At this time, Re::Solve implements the macros RESOLVE_RANGE_PUSH and RESOLVE_RANGE_POP to select NVTX or ROCTX with the appropriate nvtxRangePush or roctxRangePush, respectively, depending on the active backend. Make sure your Re::Solve library was built with profiling support, i.e. the build was configured with CMake boolean flag RESOLVE_USE_PROFILING set to On. The appropriate profiling library will be linked depending on the backend selected.

Once your instrumented code is built, it can be profiled as follows:

rocprofv3 --stats --hip-trace --roctx-trace -o out.csv ./my_executable.exe

In this example

  • Flag -o specifies the output file in comma separated values format, in this case out.csv.

  • File my_executable.exe is the binary being profiled.

  • Flag --stats enables kernel execution stats.

  • Flag --hip-trace includes HIP API timelines in profiling data.

  • Flag --roctx-trace enables rocTX application code annotation trace.

The profiler will create several files with name out but with different extensions. To visualize output, one can upload the out.json file to Perfetto.

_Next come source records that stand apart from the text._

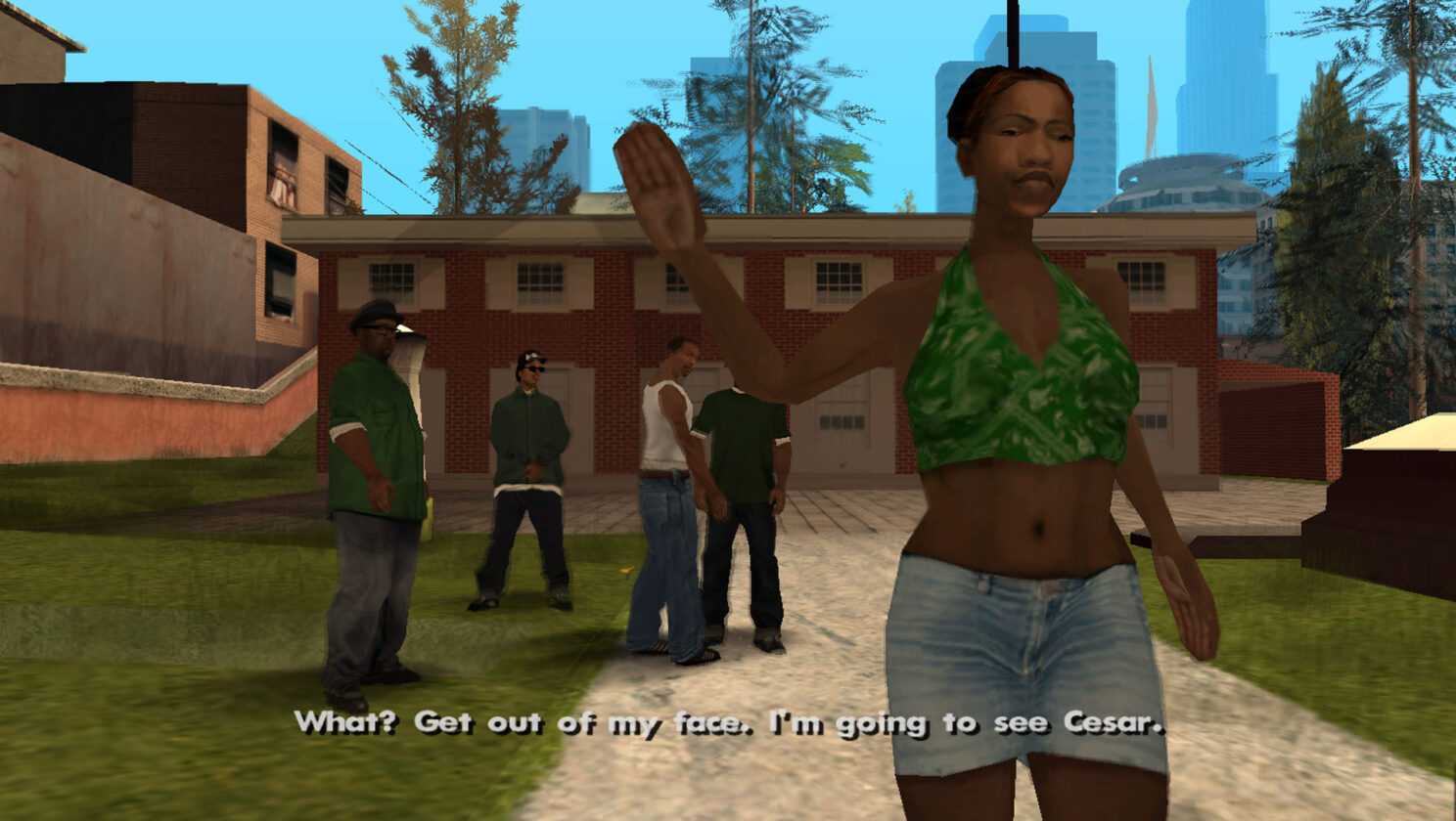 Не знаю почему, но в San Andreas помещения выглядят хуже, чем в Vice City, вышедшая на два года раньше. Одежда на людях нечеткая — будто ее вообще не пытались улучшить.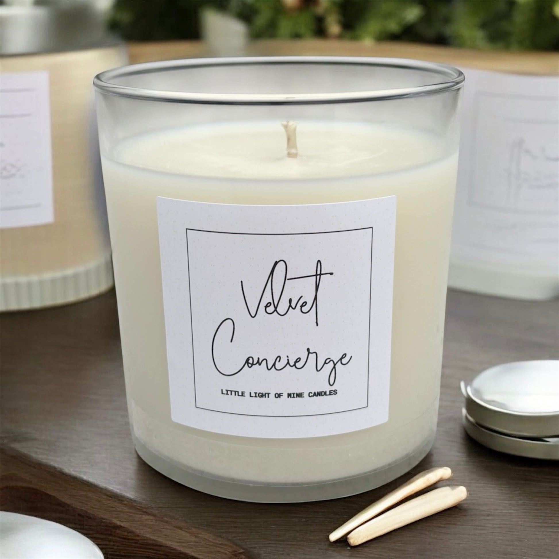 Wrap yourself in effortless luxury with Velvet Concierge’s, a scent inspired by the timeless elegance of a five-star stay. Bright notes of zesty lemon and luminous bergamot open the experience, refreshed by a cool ocean breeze that feels crisp, clean, and irresistibly inviting. At the heart, soft jasmine blooms with a refined floral touch, bringing balance and sophistication. The fragrance settles into a warm, seductive base of smooth musk and glowing amber, lingering like silk against the skin and the quiet comfort of personalized, impeccable service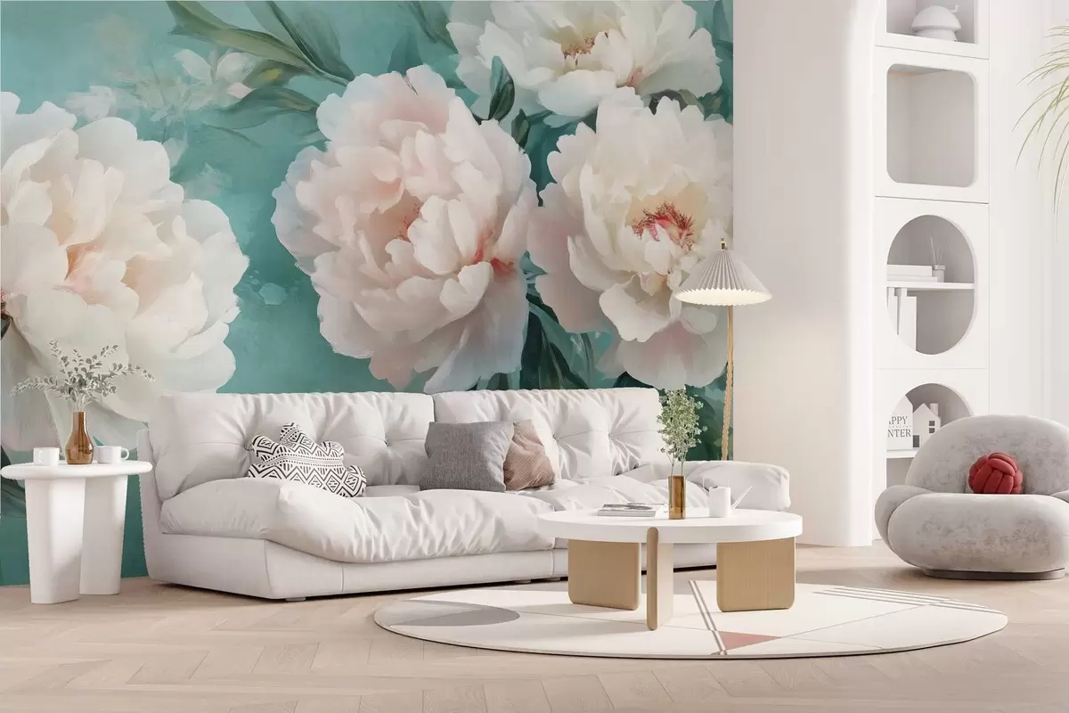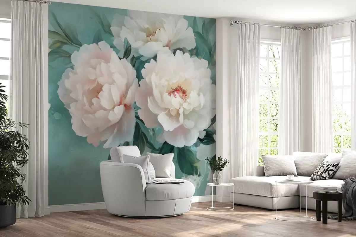 Fototapet stora blommor av frodiga pioner på en turkos bakgrund Nr. w02763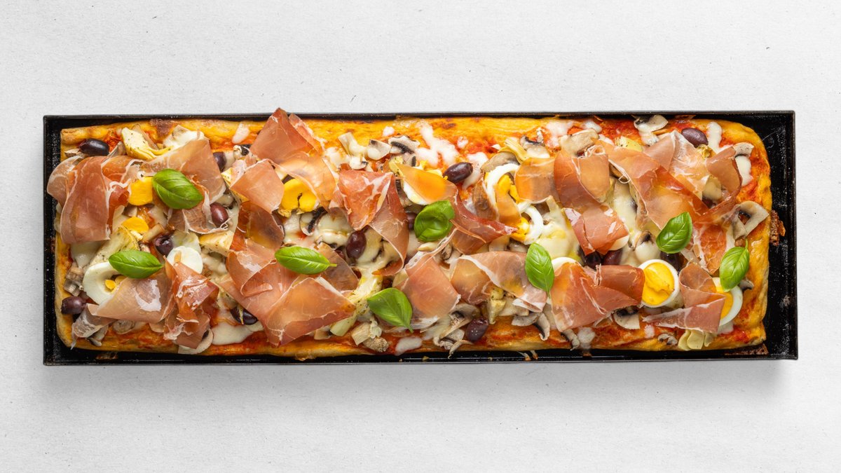 Pizza Base rossa: paradajkový základ, mozzarella fiordilatte, prosciutto crudo, šampiňóny, varené vajcia, artičoky, olivy, bazalkový olej (55x19 cm → 4 kusy)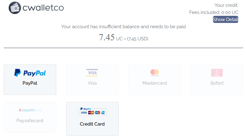 Для оплаты предусмотрено два пути: через сервис Cwalletco и напрямую с карт Visa или Mastercard. Если вы хотите оплатить свой заказ через платёжную систему PayPal, то выбирайте Cwalletco и в новом окне появится возможность выбрать PayPal.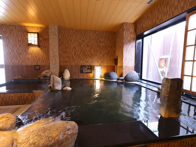 - 周りに遮る建物がなく、露天風呂では、天気が良ければ太平洋が望め、元気なカモメが上空を舞う姿も。また、豪快に岩を組み上げた内湯の湯口や露天風呂は、ドーミーインのこだわりのひとつ。浴室内のレイアウト、照明などの意匠、温泉情緒溢れる石組みは、ドーミーイン各棟それぞれのお風呂づくりを支える、通称“大工さんチーム”のこだわり満載です。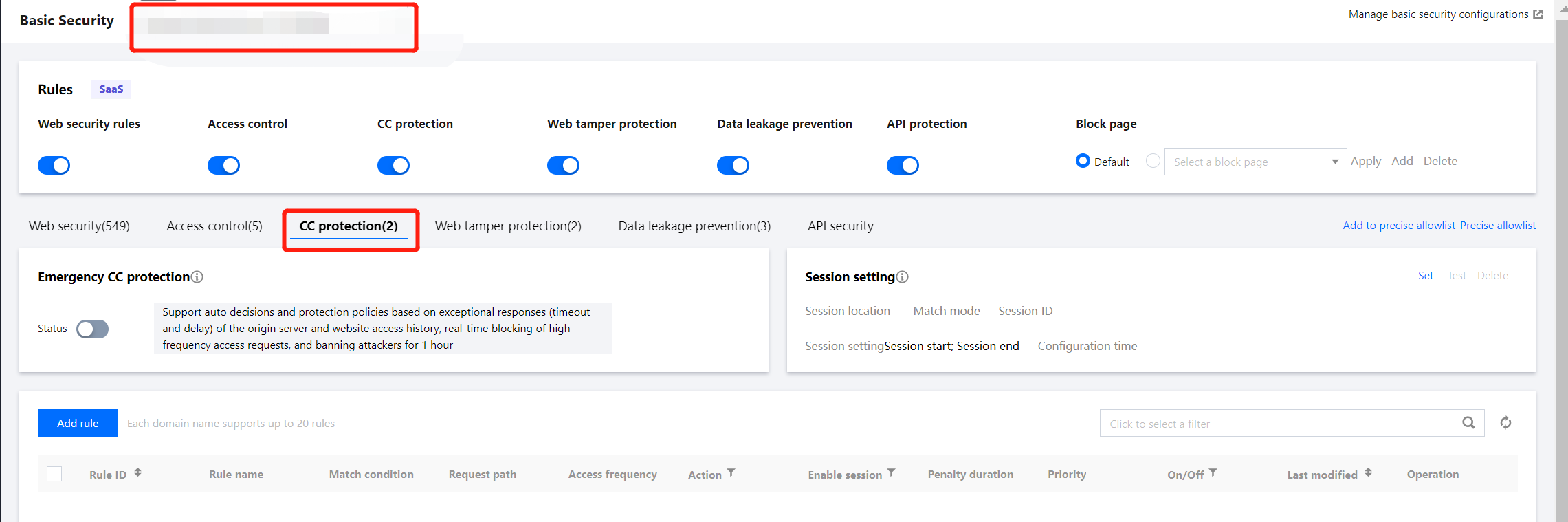 2. 在基础安全页面,左上角选择需要防护的域名,单击 CC 防护,进入 CC 防护页面。

When running ROCProfiler on a machine with a scheduler, it is a good idea to write a profiling script. Here is an example for a SLURM scheduler:

#!/bin/bash

#SBATCH -A CSC359
#SBATCH -J resolve_test
#SBATCH -o %x-%j.out
#SBATCH -t 00:30:00
#SBATCH -N 1

EXE=build/examples/klu_rocsolverrf_fgmres.exe
OUT=rocprof-resolve25k
ARGS=""

echo "`date` Starting run"
srun -N 1 -n 1 -c 1 -G 1 \
  rocprofv3 --stats --hip-trace --roctx-trace -o ${OUT}.csv \
  ${EXE} ${ARGS}
echo "`date` Finished run"

NVIDIA Nsight Systems

Similar to ROCTX annotations, NVTX annotations are useful to place kernel execution in the context of CPU code execution when using the CUDA backend.

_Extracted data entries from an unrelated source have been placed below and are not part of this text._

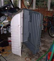 On the way to work one morning I saw that someone had discarded a Sears Xcargo car rooftop carrier and thought that the top half would make a nice hull. I paid the neighbors $2 to let me hide it under their porch just as the trash truck arrived. To make it into a boat required only installing pine gunwales to tie the rope oarlocks to, and the addition of some foam flotation, although the fiberglass it's made of barely floats naturally. For a seat, I throw a flotation cushion in the bottom. It is a bit more flexible than I'm used to, but it only weighs 17 pounds. It is about 4' X 3' X 1'. The following two images show it in a very restricted part of Four Mile Run, something I can do after work without driving ten miles in rush hour traffic to the river.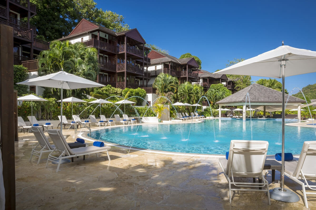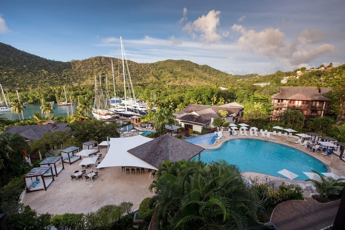 Set on a hillside overlooking the island’s most beautiful harbour, the turquoise waters of the Caribbean meet the tropical palm fronds here at the luxurious Marigot Bay.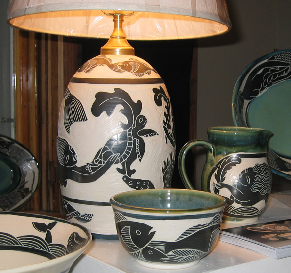 She also makes beautiful lamps, dishes and mugs, all made with her signature sgraffito style.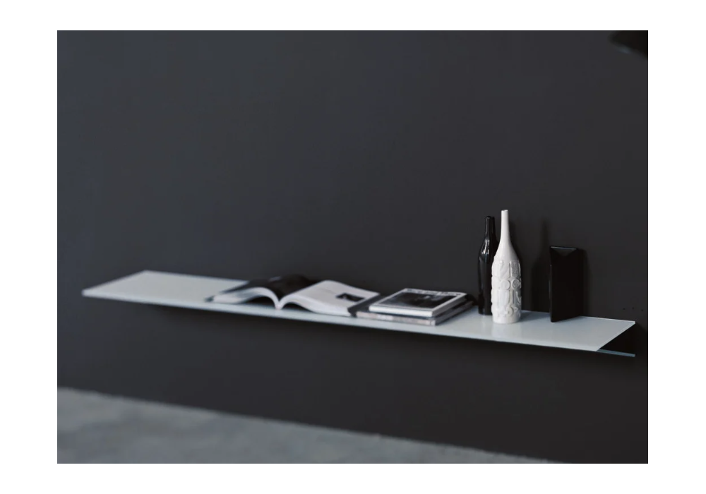 On diseñada por Ennio Arosio para Glas Italia es una serie de estantes realizadas con dos cristales templados laqueados mates o laqueados brillantes mm. 8 pegados entre ellos y soportados por una cuña de metal fijada en la pared. Disponible en 4 dimensiones.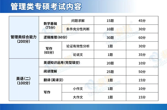 初試考199管理類綜合能力(簡稱管綜)和英語(二)兩科。具體題目類型及分值如下表: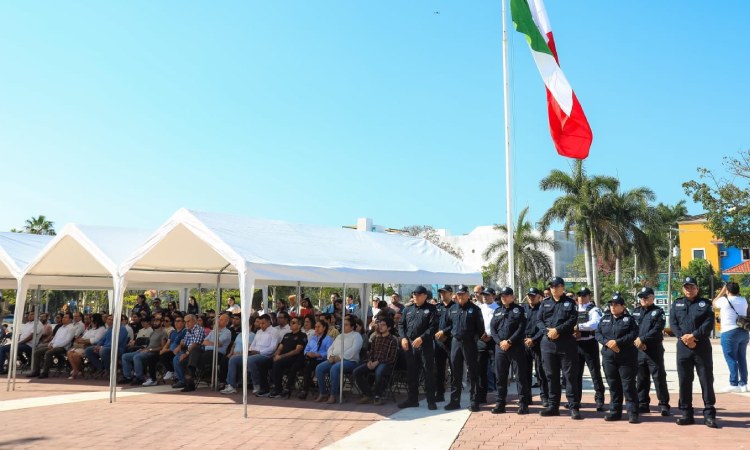 • El orador oficial, José Antonio Uribe Trujillo, secretario de Salud Municipal, refrenda el compromiso de la alcaldesa Estefanía Mercado de seguir trabajando para fortalecer la transformación de Playa del Carmen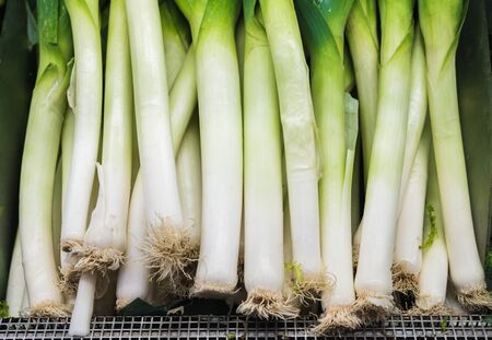 Bunch of fresh organic leek on the shelve in a market. Vegetable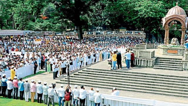 प्रमुख मान्यवरांचे साडेनऊच्या सुमारास आगमन झाले आणि साऱ्यांच्या नजरा हातातील घड्याळांवर खिळल्या. बरोबर नऊ वाजून ५९ मिनिटांनी सारी मंडळी आहे त्या ठिकाणी उभी राहिली आणि बरोबर दहा वाजता सारा परिसर स्तब्ध झाला. शंभर सेकंदाच्या अभिवादनानंतर पुन्हा ‘राजर्षी शाहू महाराज की जय'' असा जयघोष सुरू राहिला. श्रीमंत शाहू छत्रपती महाराज, महसूलमंत्री बाळासाहेब थोरात, ग्रामविकास मंत्री हसन मुश्रीफ, उच्च व तंत्रशिक्षण मंत्री उदय सामंत, पालकमंत्री सतेज पाटील, खासदार संभाजीराजे छत्रपती, ‘सकाळ’माध्यम समूहाचे संपादक संचालक श्रीराम पवार, मालोजीराजे छत्रपती, मधुरिमाराजे छत्रपती, शहाजीराजे छत्रपती, यशस्विनीराजे छत्रपती, यशराजराजे छत्रपती, खासदार संजय मंडलिक, खासदार धैर्यशील माने, ज्येष्ठ इतिहास संशोधक डॉ. जयसिंगराव पवार यांच्यासह जिल्ह्यातील लोकप्रतिनिधी, विविध पक्ष, संस्थांचे पदाधिकारी यावेळी उपस्थित होते.

You can annotate events you want to trace in your code execution as follows:

// some include files ...

#include <nvToolsExt.h>

// some code ...

nvtxRangePush("My Event");

// my event code ...

nvtxRangePop();
nvtxMarkA("My Event");

Multiple tools support NVTX annotations. We recommend Nsight Systems for a high level profile. It can be used as follows:

nsys profile --stats=true --trace=cuda,nvtx ./my_executable.exe

This will generate a text output with high level execution statistics (time spent in kernels, NVTX ranges, memory) as well as *.nsys-rep and *.sqlite files. The *nsys-rep can be opened in the Nsight System graphical user interface to visualize the timeline. You will need to download the file to a local machine if you are profiling on the remote system that does not support graphical user interfaces.